Ive put together a simple OS using c and assembly I have a shell and some other functions set up but I cant seem to figure out multitasking. I saw something about saving the current process and starting another one or something like that but how can I actually use it. Thank you any answers would be appreciated and if I need to supply more info just tell me.

[bzt]

Hi,

How about
Multitasking Systems (about the theory)
Kernel Multitasking (an example implementation in C)

In a nutshell (I'm taking about one CPU core only): multitasking does not execute multiple tasks at once, it just gives you that illusion. It's running one process at any time, then a task switch happens (see below), which saves the process state (all registers and the address space pointer), calls the scheduler to pick a new process, then it loads the state of that new process, and returns control to the new process. From the process' point of view, nothing have happened.

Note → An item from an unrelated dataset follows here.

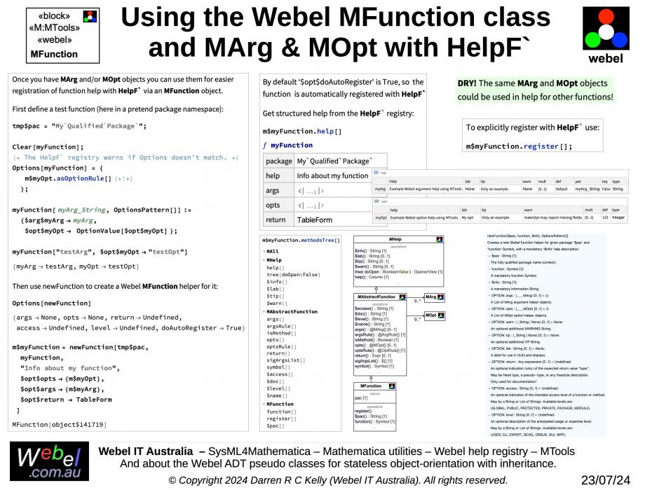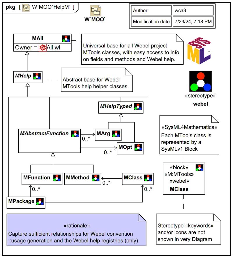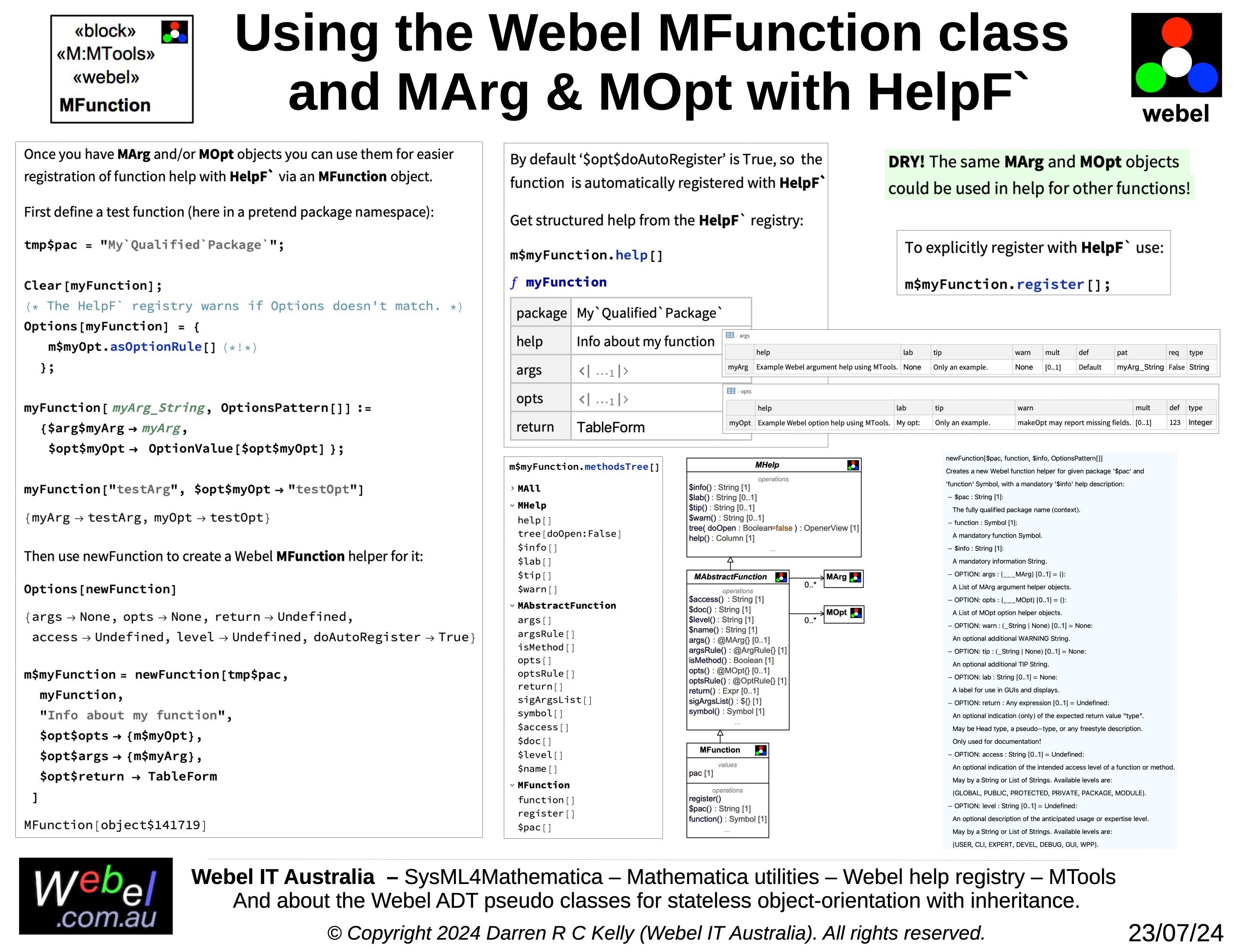 Gallery Tutorial [TECHNICAL SLIDE TRAIL] The Webel libraries for Wolfram Mathematica: With SysMLv1 models. Section SECTION: The Webel Doc` package and the HelpF, HelpO`& HelpM` help registry packages Tags and keywords Mathematica keywords MTools MTools::Class MTools::method Association Webel Mathematica keywords W`Base` HelpF` MOpt MArg MFunction newMethod helpFunction MFunction.register newFunction $opt$doAutoRegister Keywords Wolfram Wolfram Language Mathematica Webel::SysML4Mathematica Webel IT Australia Abstract Data Types Webel:ADT Click on the image to view it full size Overview of the Webel HelpM` package with MTools-based help helper classes Up next HelpM`: Using the Webel MMethod class and MArg & MOpt with HelpO` Notes [TIP]{INFORMATIVE} Mathematica: TIPS for living with the user-contributed MTools for Object-Orientation (until a vendor-supported OO solution is eventually provided) [PATTERN, TIP, TOOL]{INFORMATIVE} Webel + Mathematica + MTools + SysML Snippets (quotes/extracts) Related slides (includes other tutorials) HelpM`: Using the MFunction and MMethod helper classes with MArg & MOpt Why the Webel HelpF` & HelpO` registries? HelpF`example: helpFunction[$pac$HelpF, addFunction] HelpF`example: helpPackage[$pac$HelpF] HelpF`example: addFunction (1) HelpF`example: addFunction (2) HelpM`: Use Webel MOpt and MArg objects to create ‘$doc$’ Strings for ::usage help Webel ‘$arg$’ help is much easier with the MArg class using MTools! HelpM`: Use Webel MOpt and MArg objects to create ‘$doc$’ Strings for ::usage help Webel ‘$opt$’ help is much easier with the MOpt class using MTools! Webel ‘$opt$’ help even easier with makeOpt[$name] for MOpt! HelpF`: Pull Mathematica Options[] from a Webel HelpF` options superset HelpF`: Pull Mathematica Options[] for a function registered with addFunction The HelpF` & TestF` packages: General query based help HelpF`: packageFunctionTree[$pac]: Function ::usage help and signatures within a package TestF`: Function search by argument number/kind to aid testing automation (1) Related slides (backlinks, includes other tutorials) HelpM`: Use MFunction and MMethod with MArg & MOpt for ::usage (and consistent with the HelpF` and HelpO` registries) Basic SysMLv1 example: The HelpM` package MTools classes as Blocks About «pseudo» blocks (always prefixed with ‘@’) SysML: OptionsPattern[] “Generalizations” using Join:" Example: HelpM` helper classes new functions Visit also Visit also (backlinks) Flags Book traversal links for HelpM`: Using the Webel MFunction class and MArg & MOpt with HelpF` Previous Up Next

For example:
1. process A calls a special function (usually called yield())
2. task switch returns from the yield() call to process B
3. process B then calls again yield()
4. task switch returns from yield() to process A
5. from process A's point of view, it has called yield() which returned; it knows absolutely nothing about process B was running in the meantime
This is called cooperative multitasking, as the process cooperatively has to call yield() to pass control over.
There's another one, pre-emptive multitasking, the only difference is, here yield() is called by the timer interrupt handler, so that processes do not need to actively do anything. It is also common that when a process gets blocked (from reading an empty pipe for example), then the yield() is called implicitly, to allow other processes to run and put something in the blocked process' input buffer for example.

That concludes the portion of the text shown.